In the 1920s and 30s, the IWW came into conflict with the Communist Party which emerged as a proponent of an electoral approach to bringing about a workers’ government. While the Communists accepted the importance of industrial unionism, they also believed in the Leninist concept of a revolutionary “vanguard party.” The IWW, committed as it was to democracy proceeding from the bottom up, was out of step with the Communist notion of democratic centralism. Furthermore, the IWW believed in a very different vision of how to create working class revolution. Over the years, the IWW has continued to oppose support for electoral political action and distanced itself from state-centered political solutions as a whole, continuing to stress action at the point of production.

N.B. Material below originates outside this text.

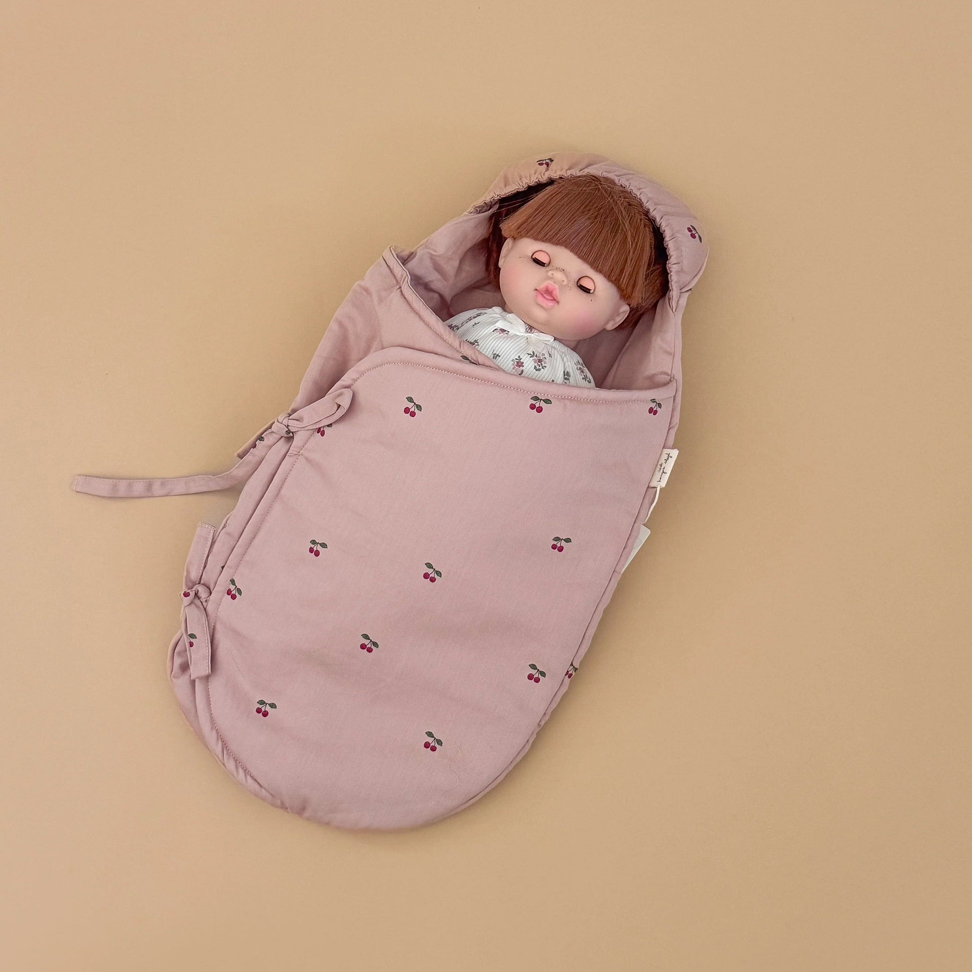 Maravilloso saco de dormir para la muñeca. Hecho con materiales totalmente naturales. Con relleno 100 % algodón orgánico y 100 % poliéster reciclado, puedes estar tranquilo sabiendo que ofreces una opción sostenible para los juguetes de tu hijo.

During the 1920s the IWW was asked to join the Red International of Trade Unions, more commonly known as the Profintern. The Profintern was set up by the Third International Communist Parties under the leadership of the Bolsheviks in Russia. The IWW’s response to this request is telling about the organization’s commitment to smashing the State. In the IWW’s response to the Profintern there is a section titled Why IWW Is Not Political. A few quotes should make the IWW’s position on the State at that time clear:
“We believe that the class character of the state will not permit that institution to aid the proletariat in its class struggle. Therefore, we teach the workers that what they really require is not to influence the state favorably toward them, but to put themselves in such position, through an economic class organization, that they will be enabled to protect themselves against the hostility of the capitalist state.”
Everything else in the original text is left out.